McCain’s right about the shutdown, but again, it seems like a moot point. The problem with the government shutdown was that it was a stupid move, tactically speaking, for two reasons. One, ObamaCare can’t get defunded through the budget process because it gets most of its revenue from taxes embedded in statutory law, which allows HHS to spend that money without Congressional appropriation, like other entitlement programs. Two, as McCain notes, it allows the White House to determine what does get spent and where on an emergency basis — and it’s in their interest to create havoc and blame it on Congress. The only reason Republicans didn’t pay a price for that tactical faceplant is because it was an off year, and because the rollout of ObamaCare turned into such a disaster that it quickly overshadowed the bad press the GOP got from the shutdown.
That was over three years ago, though, and Republicans control the whole budget process. It’s not going to come up again, and even if it does, Mulvaney won’t be in Congress to lead it if he’s at the White House — and he’d almost certainly oppose it from that position.
McCain came around on Tillerson, and these seem like less serious issues, so don’t be surprised if he falls back to a “benefit of the doubt” position again here. However, don’t expect McCain to back down an inch from his opposition to enhanced interrogation techniques, which also comes up in the conversation:
WILLIE GEIST MSNBC HOST: Senator McCain, it’s Willie Geist. Good to see you this morning. The president has issued a list of executive orders over the last few days and we’ve learned — there are several reports that today he’ll issue one to review the black site detention program, that kind of enhanced interrogation that may go on inside those places. You’re uniquely qualified of course to speak on this issue of enhanced interrogation, or torture if you call it that. Will you stand in the way of this executive order?
MCCAIN: Well, the executive order is circumscribed by the law that we passed prohibiting the use of torture. And even though the army field manual can be reviewed, it still does not allow to return to the use of torture, including waterboarding. And I am confident that that — the vote was 78-21 in the United States Senate, and it specifically prohibits it.
Now, we look at the army field manual and might make changes, but it doesn’t mean those changes can allow a return to torture. I’m happy that General Mattis has spoken out against it, as has every military — General Petraeus, you name them.
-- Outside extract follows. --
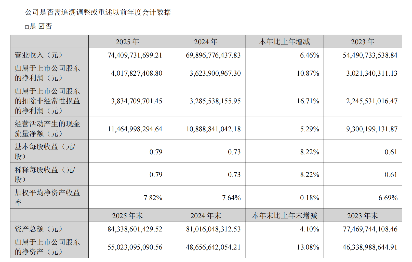 3月31日,蓝思科技发布2025年年度报告,公司全年实现营业收入744.1亿元,同比增长6.46%;归属于上市公司股东的净利润40.18亿元,同比增长10.87%,扣非后净利润38.35亿元,同比增长16.71%,基本每股收益0.79元。
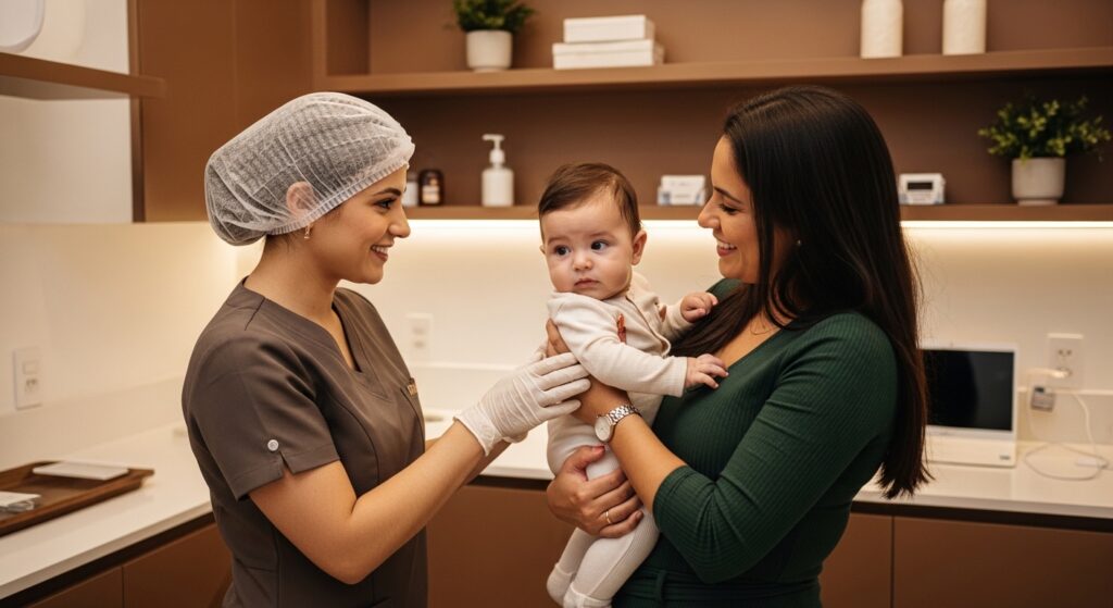 Vacinação, aplicação de medicamentos, teste do pézinho, entre outros…

Any military leader you respect have said we should not torture people, and I’m very confident that it wouldn’t stand a day in court if they tried to restore that.
Trump did talk about bringing back waterboarding on the campaign trail, but backed off after conferring with Mattis on the subject. As McCain suggests, it’s highly unlikely that Mattis or John Kelly will consent to that expansion of the field manual, and that would act to constrain the CIA to a large extent as well, given the Senate vote several years ago.